Para aqueles com uma visão marxista das diferenças de classes como a causa dos problemas, diz O’Leary, “diferente” é sempre ‘desigual’ e ‘desigual’ é sempre “opressor”. Neste sentido, as “feministas de gênero” consideram que, quando a mulher cuida de seus filhos em casa e o marido trabalha fora de casa, as responsabilidades são diferentes e, portanto, não igualitárias. Em seguida, veem esta “desigualdade” no lar como causa de “desigualdade” na vida pública, já que a mulher, cujo principal interesse seria o lar, nem sempre teria o tempo e energia para se dedicar à vida pública. Por isso afirmam:

“Nós acreditamos que nenhuma mulher deve ter esta opção. Nenhuma mulher deveria ser autorizada a ficar em casa para cuidar de seus filhos. A sociedade deve ser totalmente diferente. As mulheres não devem ter essa escolha, porque se essa opção existe, demasiadas mulheres decidirão por ela”. (22)

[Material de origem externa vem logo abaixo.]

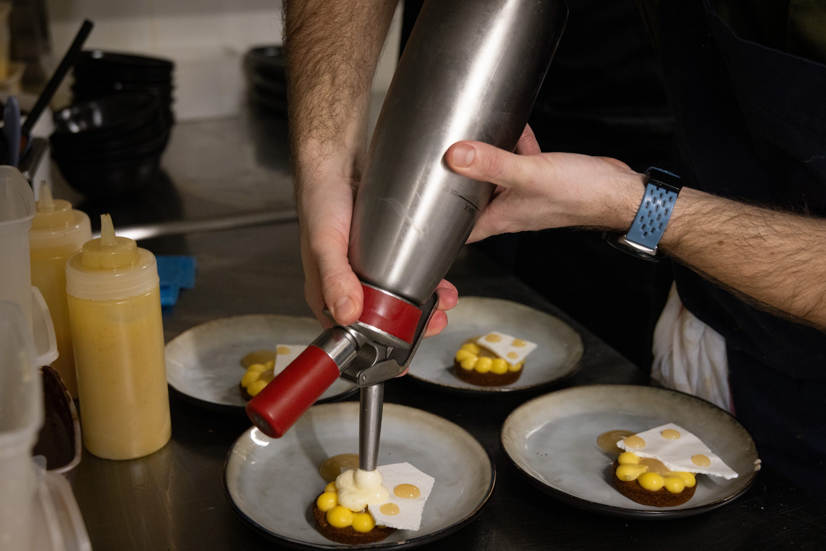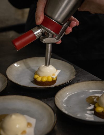 En 2019, Joshua rejoint l’aventure Toques & Tanins, où il se voit offrir les clés de la cuisine. Pendant 3 ans, il dévoile une perfection à toute épreuve et un équilibre sans faille… pour le plus grand bonheur des clients du restaurant pessacais !
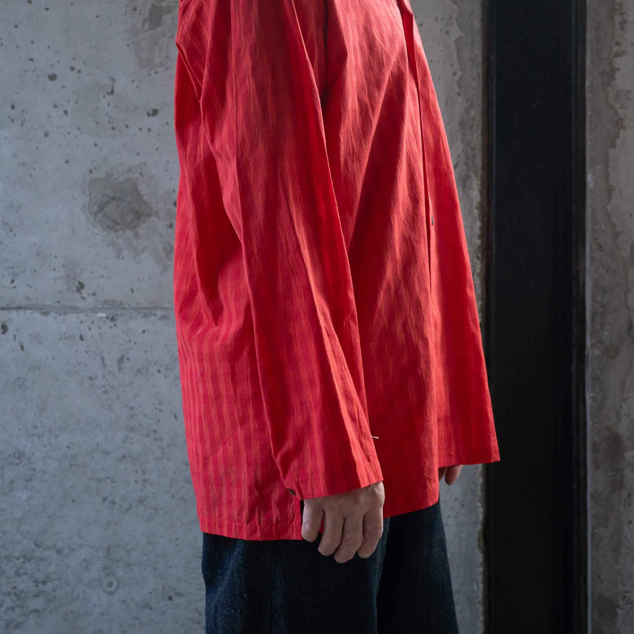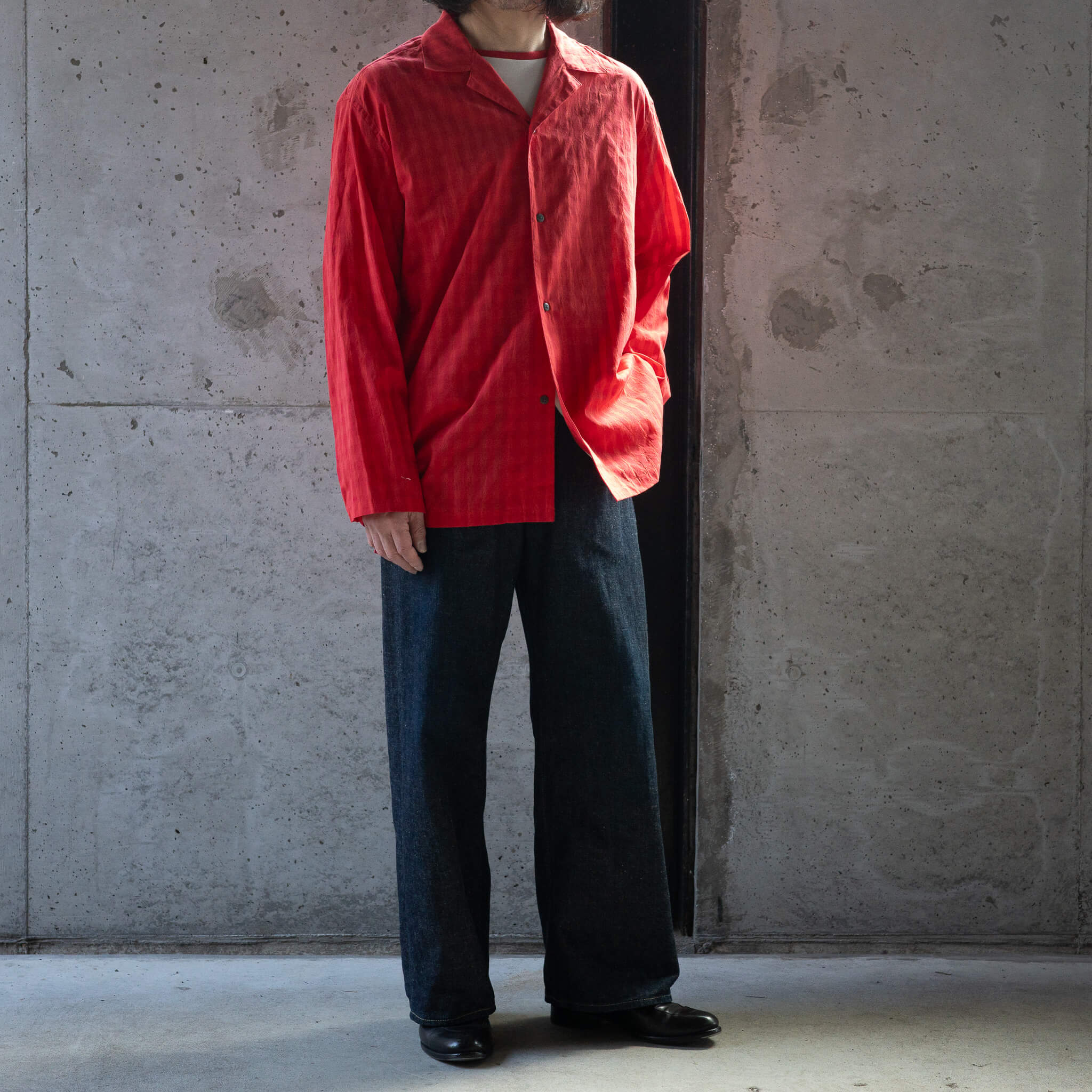 スリーピングシャツをベースとしながらも、襟型やボタンバランスを調整し、ジャケット寄りに仕上げたアイテムとなります。

Além disso, as “feministas de gênero” insistem na desconstrução da família não só porque segundo elas escraviza as mulheres, mas porque condiciona socialmente as crianças para aceitar a família, o casamento e a maternidade como algo natural. A este respeito, Nancy Chodorow diz:

“Se nosso objetivo é acabar com a divisão sexual do trabalho em que a mulher se faz maternal, devemos em primeiro lugar compreender os mecanismos que a causam. Este é o ponto no qual se deve intervir. Qualquer estratégia para a mudança, cujo objetivo abarque a liberação das restrições impostas por uma desigual organização social por gêneros, deve levar em conta a necessidade de uma reorganização fundamental do cuidado dos filhos, que deve ser compartilhado igualmente entre homens e mulheres”. (23)

Fica claro que para os defensores do “gênero” as responsabilidades das mulheres na família são supostamente inimigas da realização da mulher. O ambiente privado é considerado secundário e menos importante; família e trabalho doméstico são vistos como “carga” que afeta negativamente o “projeto profissional” das mulheres.

Este ataque declarado contra a família, no entanto, contrasta fortemente com a Declaração Universal dos Direitos Humanos aprovada pela ONU em 1948. No artigo 16 desta, as Nações Unidas defendem com ênfase a família e o casamento:

       1- Homens e mulheres, a partir da idade de casar têm o direito, sem restrição alguma de raça, nacionalidade ou religião, de casar e constituir família; e desfrutarão direitos iguais quanto ao casamento, durante o casamento e em caso de dissolução do casamento.

      2- Somente com o livre e pleno consentimento dos futuros esposos se poderá contrair o matrimônio.

        3- A família é o elemento natural e fundamental da sociedade e tem direito à proteção da sociedade e do Estado.

No entanto, os arquitetos da nova “perspectiva de gênero” presente na cúpula da mulher colocaram à margem todas essas premissas e, em vez disso apontaram para a necessidade de “desconstrução” da família, do casamento, da maternidade, e da própria feminilidade para que o mundo possa ser livre.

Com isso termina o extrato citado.